Premiers signes de décomposition, premiers insectes
Très vite, attirées par les toutes premières odeurs de décomposition encore imperceptibles pour l’être humain, les mouches nécrophages viennent pondre leurs œufs au niveau des orifices naturels du corps (yeux, narines, bouche, oreilles, anus et parties génitales). Ces mouches sont principalement celles de la famille des Calliphoridae (communément appelées mouches vertes et bleues) et portent, par exemple, les petits noms scientifiques de Lucilia ou Calliphora. D’une taille d’environ 5 à 15 mm, elles sont facilement reconnaissables à leur thorax ou abdomen bleu-vert (voir Image 1 ci-dessous). Au bout de quelques heures à peine, l’environnement est envahi de ces diptères qui battent leurs deux ailes et virevoltent au-dessus de Monsieur X dans un vrombissement lourd. Au-dessous d’elles, des masses blanchâtres formées de centaines de petits œufs ovales envahissent peu à peu différentes parties du corps de Monsieur X. Environ un jour après la ponte, ces œufs éclosent. Les larves de couleur crème qui émergent (les asticots) commencent à se nourrir de la chair fraîche, puis à grossir.
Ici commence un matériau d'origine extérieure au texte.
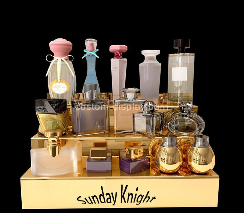 -Delivered, all taxes in. Custom gold mirrored acrylic 3-tier perfume display riser, ideal for elegant product presentation. Wholesale only, with a minimum order quantity (MOQ) required for bulk purchases. Perfect for upscale retail displays.
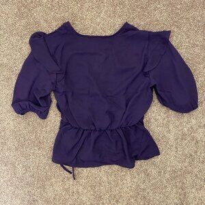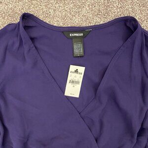 Express Women's Faux Wrap Puff Sleeve Peplum Top – Olympian Blue – Size XS – NWT – MSRP $54

Quelques mouches un peu plus grosses, noires, avec un abdomen arborant un motif en damier noir et blanc, se mêlent à la danse des mouches vertes et bleues. Ces nouvelles venues appartiennent au genre Sarcophaga (du latin sarcophagus signifiant tombeau). Contrairement aux Calliphoridae, elles ne pondent pas d’œufs mais déposent directement des larves de premier stade sur le corps, larves qui commencent à s’alimenter de la chair de Monsieur X.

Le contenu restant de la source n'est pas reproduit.